Le ciblage se lit selon deux facteurs. Premièrement, le coût fiscal et budgétaire, la France se situant à cet égard dans la fourchette haute, soit 4 à 4,5 % du PIB pour les mesures de 2022 et 2023, ce qui représente le double de la moyenne des pays de l'OCDE. Néanmoins, ce niveau reste comparable à celui des pays européens qui ont été le plus lourdement affectés. De plus, nous allons tenter d'améliorer des outils numériques visant à identifier les catégories de ménages les plus impactées. Deuxièmement, freiner la hausse des coûts de l'énergie, et notamment celle des énergies fossiles, brouille quelque peu le message envoyé pour la transition écologique. Ainsi, en Allemagne, les mesures compensatoires en direction des entreprises ont été réalisées sur seulement 80 % de la consommation moyenne des années précédentes, ce qui a poussé les ménages et les entreprises à réduire leur consommation énergétique. Cette démarche a contribué en définitive à la situation favorable que nous connaissons en matière énergétique.
Il serait erroné de dire que les salaires ont contribué à l'inflation, puisque c'est l'explosion du coût de l'énergie qui a été le premier facteur inflationniste. Néanmoins, les coûts unitaires du travail et ceux du capital ont contribué d'une certaine manière à renforcer l'inflation, les marges de profit ayant augmenté. On peut espérer que, comme c'est le cas généralement, les hausses de salaire fassent suite au rétablissement des marges.

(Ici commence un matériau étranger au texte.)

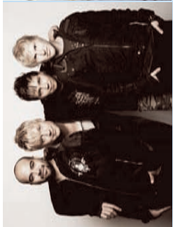
Sunrise Avenue IGA-Parkbühne Rostock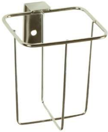
ワゴンブラケット 4401 1L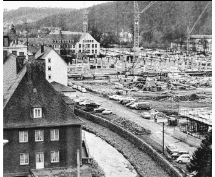
In aufwendigen Baumaßnahmen hat sich der Stadtteil immer wieder weiterentwickelt.

► Wichtige Bestandteile des Zentrums waren und sind die Bismarckhalle, das Hallenbad und viele Unternehmen aus dem Dienstleistungs- und produzierenden Sektor.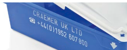
παράδειγμα: γράμματα (εν θερμώ εκτύπωση)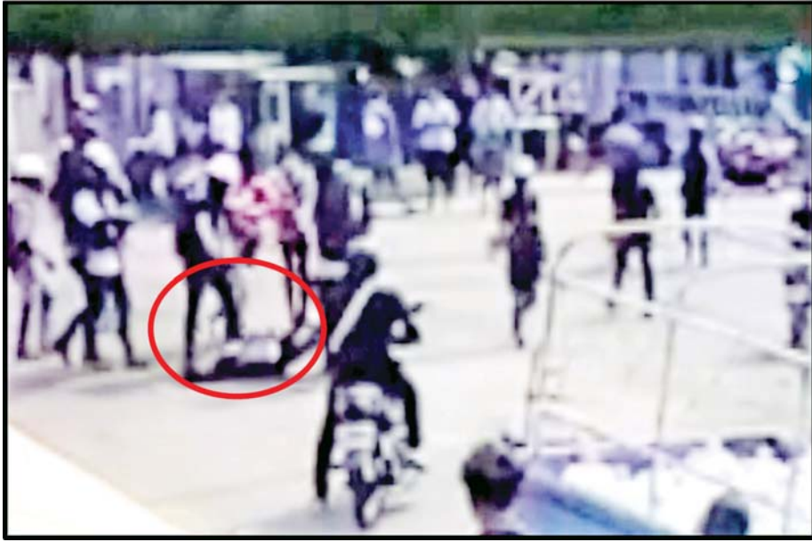
မတ်လ ၂၉ ရက် မန္တလေးမြို့တွင် မူးယစ်ဆေးစွဲလူငယ်များ ရဲအရာရှိတစ်ဦးအား သတ်ဖြတ်နေပုံ။

အဲဒီဆောင်းပါးမှာ ဖော်ပြချက်တွေအပြင် မြေပြင်မှာ အမှန်တကယ်ဖြစ်ခဲ့တဲ့ ဖြစ်စဉ်တွေအရ ဆန္ဒပြပွဲတွေ အရှိန်မြှင့်ခဲ့တဲ့ ဖေဖော်ဝါရီလနဲ့ မတ်လ ငြိမ်းချမ်းစွာဆန္ဒပြမှုတွေမှာ ဆန္ဒပြပွဲတွေကို ဦးဆောင် စီစဉ်ခဲ့သူတချို့က တူညီဝတ်စုံများ၊ တူညီ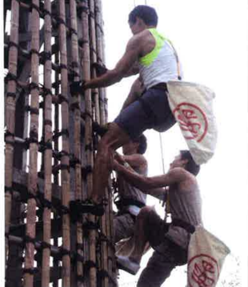
まんじゅうレースの予選の様子。塔に上りながら背負った袋にまんじゅうを入れ、一番を多く取った者が勝利を収める

「まんじゅう祭」と呼ばれるゆえには、奉納されたまんじゅうが人々に配られることからだが、まんじゅうをくくり付けた高い塔によじり上り、取ったまんじゅうの数を競う「まんじゅうレース」にも起因している。塔の上でまんじゅうを取り合うと聞くと、田舎の素朴な催しを想像するかもしれないが、まんじゅう祭の選手にはかなりのスピードと瞬発力が要求される。 実はこのレース、1978年に塔が倒れ、24人がけがをする事故が起きてから、長中中止されていたが、再開を望む市民の声があまりに強いため、新たなルールを設けて2005年に復活した。 また、昔からレースには本物のまんじゅうが使われ、レース後は観客にこのまんじゅうが縁起物として配られていたが、衛生上の問題から現在はまんじゅうを模した柔らかなプラスチック製の物が代用されている。 まんじゅう祭は2011年に中国国家文化部の承認を受け、「粵劇(広東オペラ)」「涼茶(漢方茶)」「大澳端午遊涌(ドラゴンボート水上パレード)」「大坑中秋舞火龍(ファイヤーダンス)」の4つがユネスコの世界無形文化遺産に登録された。イベントの詳細はセントラルフェリーの掲示板などでも案内される。(この連載は月1回掲載)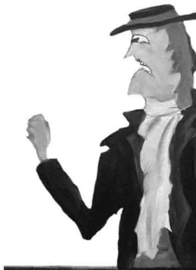
2º Premio y medalla de Oro Concurso San Genaro.

La Historia es el relato del triunfo de la Muerte, la leyenda es la trampa con que el morir sonríe, la belleza es la máscara con que el dolor se cubre.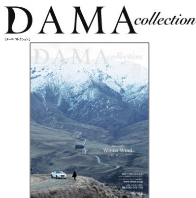
『ダーマ・コレクション 2013冬号』 71万部/196ページ/A4変形判 人生のキャリアを重ねた女性を美しく見せる上質素材とシルエットの融合。 http://www.dinos.co.jp/dama ※WEB SHOPのURLも9月20日 更新

●真冬のリッチカジュアル フォックスファー付き ハウンドトゥース柄ビッグカラーコート ¥29,900(税込)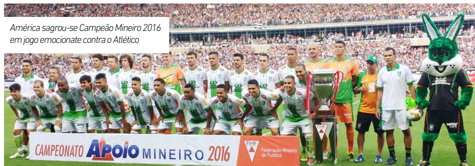
América sagrou-se Campeão Mineiro 2016 em jogo emocionante contra o Atlético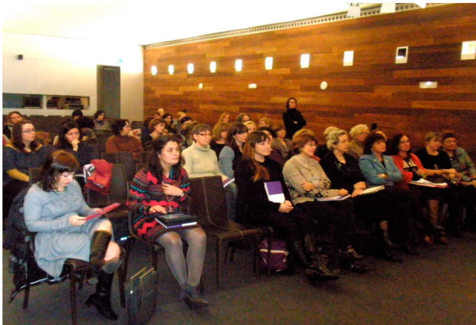
Figura 12. Primer encuentro de Plataforma A. Museo San Telmo, San Sebastián, 24/01/2012.

Al primer encuentro, realizado en enero de 2012 en San Sebastián, se hizo un repaso de la Ley de Igualdad, asisten la Consejera de Cultura Blanca Urgell y la técnica de igualdad, Sonia González, ambas del Gobierno Vasco, y se comprometen a traer sus informes de participación para el próximo encuentro.

Il faut néanmoins garder à l'esprit qu'un choc a eu lieu : un choc d'offre pour les petites et moyennes entreprises, et un choc de revenu, car la France reste dépendante des pays étrangers pour une bonne partie de son énergie. Or ce choc doit être absorbé quelque part. Comment ? Il faut garder un œil sur la productivité, qui peut amener une augmentation des salaires plus pérennes. Néanmoins, si nos rapports ont suggéré que nous pointions le risque d'une boucle prix-salaires, je pense que ce risque est beaucoup moins important aujourd'hui.

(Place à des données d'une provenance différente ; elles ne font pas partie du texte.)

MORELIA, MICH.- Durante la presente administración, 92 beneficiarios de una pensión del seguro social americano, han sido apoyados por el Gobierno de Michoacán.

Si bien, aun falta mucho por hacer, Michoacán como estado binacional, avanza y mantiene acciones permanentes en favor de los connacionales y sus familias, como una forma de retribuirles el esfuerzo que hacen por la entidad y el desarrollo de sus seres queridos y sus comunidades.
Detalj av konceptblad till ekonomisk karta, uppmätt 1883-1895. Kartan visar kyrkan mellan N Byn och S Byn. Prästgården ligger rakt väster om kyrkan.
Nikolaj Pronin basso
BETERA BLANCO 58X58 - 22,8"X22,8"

Quant à la question des taux d'intérêt, il est certain que ceux-ci ont un impact sur la demande, mais l'inflation aussi. J'estime donc que, s'il n'est peut-être pas nécessaire d'aller encore plus loin sur les taux d'intérêt, les diminuer dès aujourd'hui, comme si une page s'était tournée, serait un peu prématuré. Nous risquerions de devoir ensuite à nouveau les rehausser pour réduire les salaires.

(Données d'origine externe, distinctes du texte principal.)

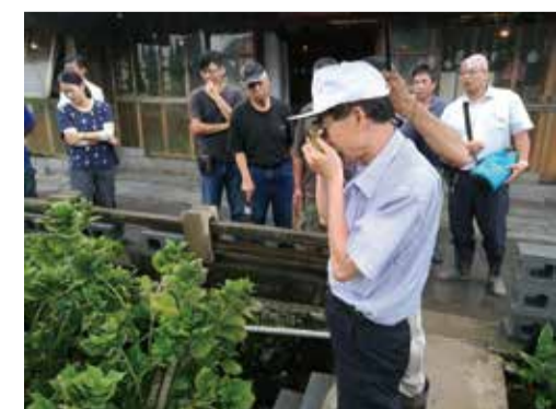
孫教授勸查繡球花之病蟲害

臺北市的農民朋友如於作物栽種上有任何問題，都歡迎與市農會接洽詢問，農會將邀請大學院校教授或改良場的專家學者一同前往訪視診斷給予適當之建議。臺北市實習植物醫師的連絡電話為(02)2707-0612分機218，農民朋友亦可請臺北市各區農會指導員協助幫忙轉介。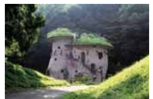
あけぼの子ども森公園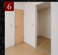
6 ウォークインクローゼット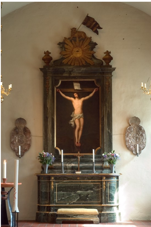
Målat altare och altaruppsats i rokostil , barock -ljusplåtar i mässing och ljusbärare från vår tid.

Det något högre belägna kor et byggdes 1913 med en rektangulär plan, smalare än långhuset och med rakt avslutad östmur. Ljuset kommer från två fönster i sydmuren. Altare och altartavla, utförd i rokokons anda, är skänkta till kyrkan i samband med renoveringen 1756. Altartavlan består av en ram med förgyllda och målade ornament och av en oljemålning på väv som visar Kristus på korset. Altaruppsatsen kröns av Gudsögat och en framställning av korslammet med segerfanan . Krucifixet på altaret är skänkt av Norra Lidingö kyrkliga syförening. I kor et hänger en malmkrona från 1689 samt en replik från 2001 och på kor väggen hänger ett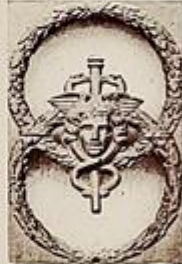
Particolare in bronzo

Il teatro di S. Carlo sorge nel 1737 per volontà di Carlo di Borbone - al trono da tre anni - ad opera di Angelo Cavasale, su progetto di Antonio Medrano. È inaugurato il 4 novembre - giorno dell'onomastico del re - con l'opera "Achille in Sciro", del Metastasio, musicata da Domenico Sarro.

Je vous remercie de rappeler que l'OCDE examine les enjeux bien au-delà du PIB, même si nous n'y procédons peut-être pas assez souvent. Ces enjeux importants de santé ou d'éducation ne sont pas suffisamment pris en compte dans le PIB. Nous menons un travail pour mieux intégrer dans les mesures des comptes nationaux des facteurs de distribution de revenus et de stock environnemental, mais cela prend du temps. Nous avons développé entre temps un ensemble d'indicateurs de bien-être qui sont utilisés dans beaucoup d'études. Néanmoins, je retiens qu'il faudrait effectivement plus souvent rappeler ces dimensions, qui plus est dans un contexte de transition environnementale et d'inclusion.
Existe-t-il un risque de course aux subventions ? Je pense que oui. Si certaines sont nécessaires pour développer des technologies vertes, une course désordonnée est à craindre à l'échelle internationale. Néanmoins, l'Europe a un réel intérêt à développer l'innovation et l'entrepreneuriat. D'ailleurs, l'une des principales entreprises ayant développé les semi-conducteurs très avancés est néerlandaise, donc européenne. Favoriser un écosystème favorable à l'innovation est en définitive fondamental, car toute mesure permettant de soutenir la productivité et l'emploi, et donc l'offre globalisée, contribue à réduire l'inflation.